I have a program that exports a csv file but doesn't quote new lines or use /n instead of /n/r. It uses the same end of line in the middle of records as it does at the end. The program does however use a comma delimiter between variables. How can I tell R to delete all the eol markers until the number of variables in data is reached?

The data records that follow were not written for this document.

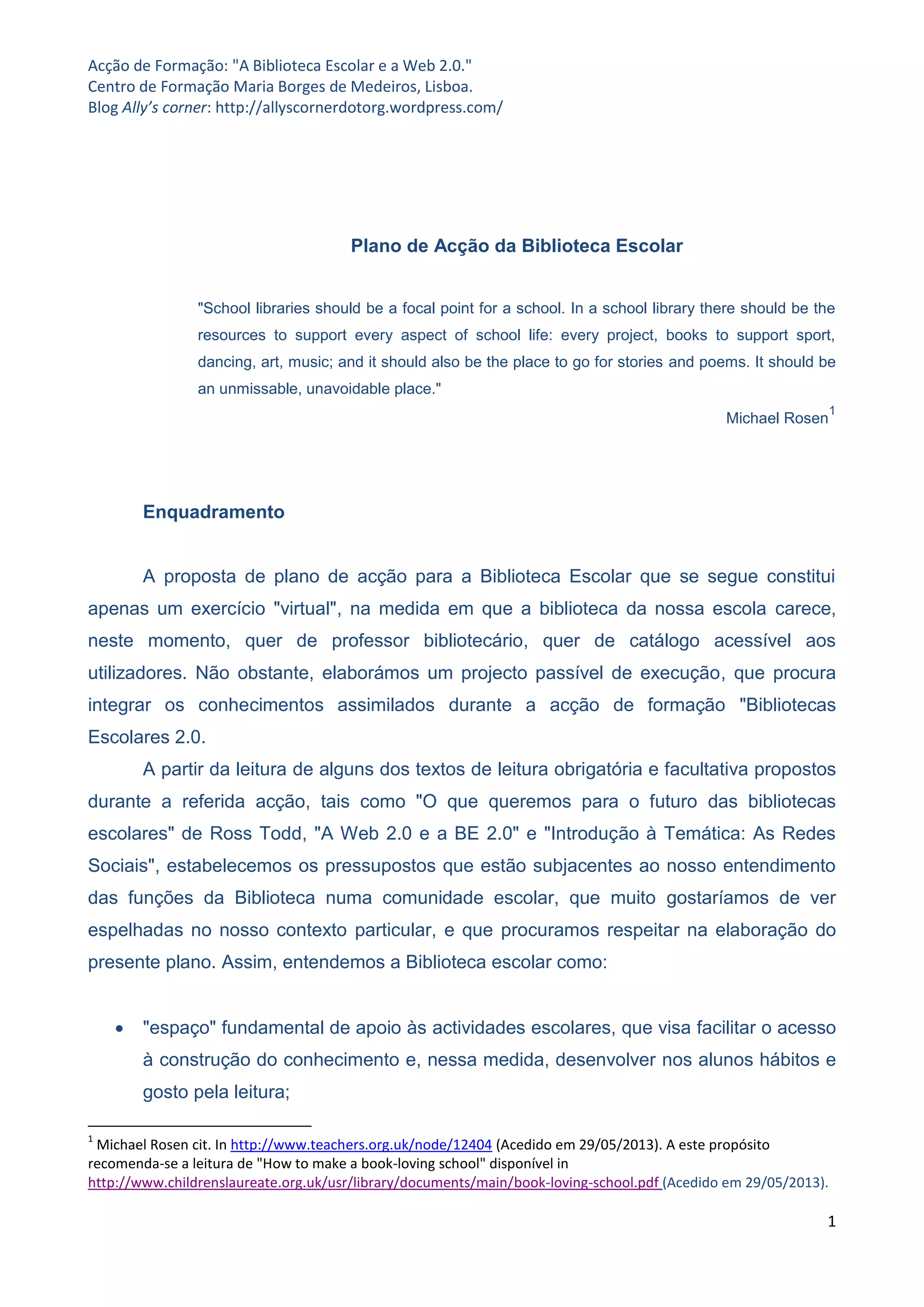 Este documento descreve um plano de ação para a biblioteca escolar que inclui:
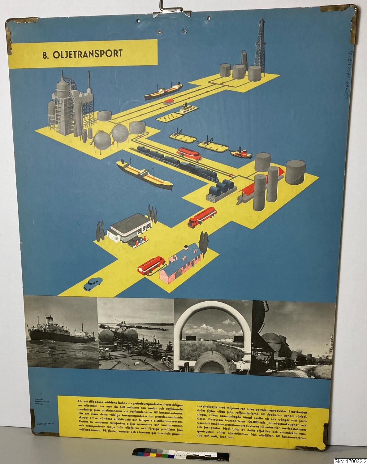 Skolplansch, ena sidan av dubbelsidig plansch. Ingår i planschserie utgiven av Svenska Esso, nr 8 "Oljetransport".
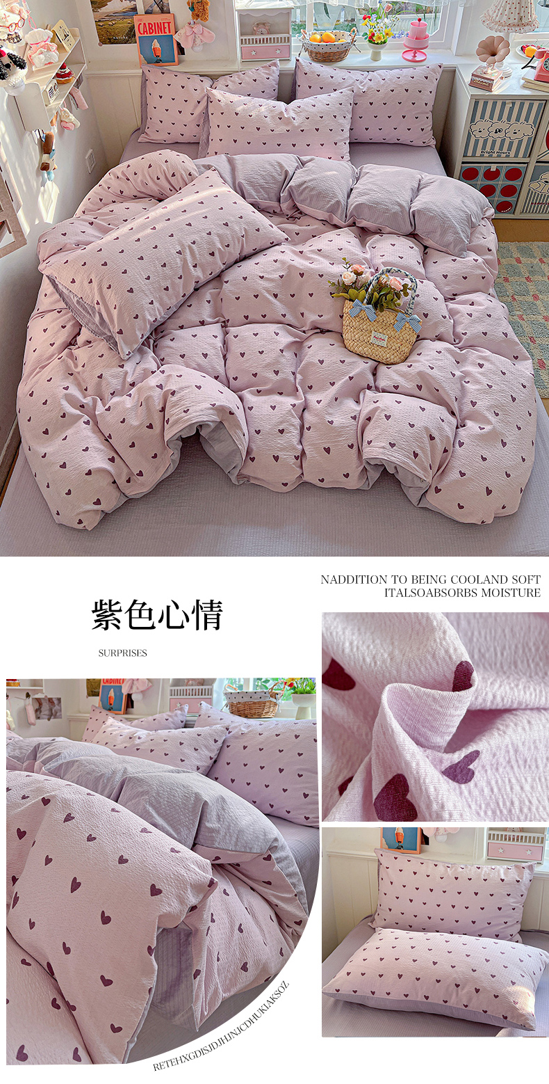当前位置: 91家纺网 > 商品网购 > 床品套件 > 四件套 > 双层纱四件套 > N先生+V 13814689556 发大图/买家秀 2026春夏新款泡芙云感双层纱四件套 紫色心情

My data would look like this:

name, rank, serial number, age, height, weight

mike, noob, 123456, 22, 6, 34.4

bob, officer, 345

323, 24, 6, 2

3.5

ted, officer, 34234, 2

5, 6, 35.2

How would I basically delete the CR after the 5 in row 2, after the 2 in row 3 and after the 2 in row 6? There should be 5 commas in each row and 6 variables. My data doesn't have the extra line between each row. I just couldn't get it to stop putting it all on one line without doing that. My data is 43 variables and is constantly generating new lines. Most of the time it is read in there are a few thousand lines. About 20% of them have the CR problem.

Also want to add that a new row will always start on a new row, it will not follow on the same line as the previous if that makes sense.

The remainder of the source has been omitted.